Dragonfly found an interesting opinion piece called Anti-War Wounds. I don't relate to every opinion in the article, but it's well-written and makes a good point about "being the 'we.'" And about how it feels when people don't get that.

My husband fights this war. He risks his life every day. We have both made sacrifices for it. And to hear them say that it’s “a waste of time,” that it “will never make a difference,” that “we should call the whole thing off” — well, if that’s true, I’m not sure I’ll get out of bed tomorrow morning. There has to be a reason that our family — and thousands of others — are enduring this.

Yesterday someone called to say goodbye to my husband before he left, not knowing that he'd been bumped forward. And in the conversation, this person asked if my husband thinks that being in Iraq is worth it, if his job means anything, and if he thinks we should've gone there in the first place. How do you answer that question 1) politely and 2) succinctly? And then what do you do when that person says, "Well, I don't think it was the right idea in the first place"?

All I could answer was that my husband reads countless books, articles, and blogs about the Middle East.
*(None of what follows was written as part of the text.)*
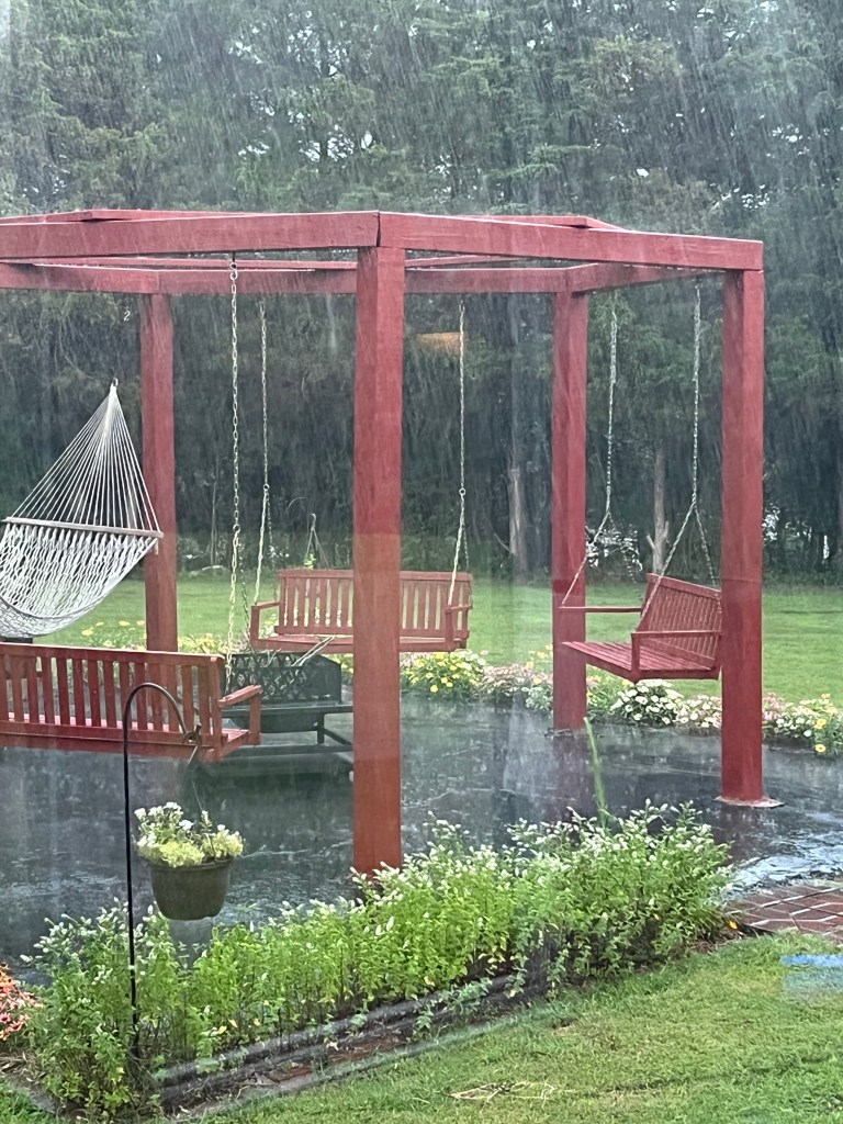 I have a love/hate relationship with my yard. It is spacious with wonderful trees. I have small garden spaces and patios. I even have a large freestanding octagonal swing structure surrounding a fire pit. We also have delightful wildlife that, four months out of the year, turn into creatures of mass destruction.

He's no robot blindly following Bush's orders. And he will do the best job he can with the brain he's been given so that he does make a difference down there.

You know, I've heard the saying that the soldier is the most anti-war person because he actually sees what war is, but I don't think I ever want label myself as anti-war. To me, that's like being anti-pollution or anti-cancer; it's a meaningless term. (I've written about this before.) There is war in this world we live in, like it or not, and sometimes you have to fight it. And if that time comes to my family, then that makes me pro-war. Do I think this time in Iraq has been perfect or easy? No way. But I don't have a crystal ball that can tell me what the world would've looked like if we hadn't gone to Iraq five years ago. It's possible the world might've been worse off. So you fight the war you're in with all you've got and don't waste time thinking about what might have been in some alternate dimension.

So please don't ask our military families to discuss that alternate dimension. It's pointless and off-putting.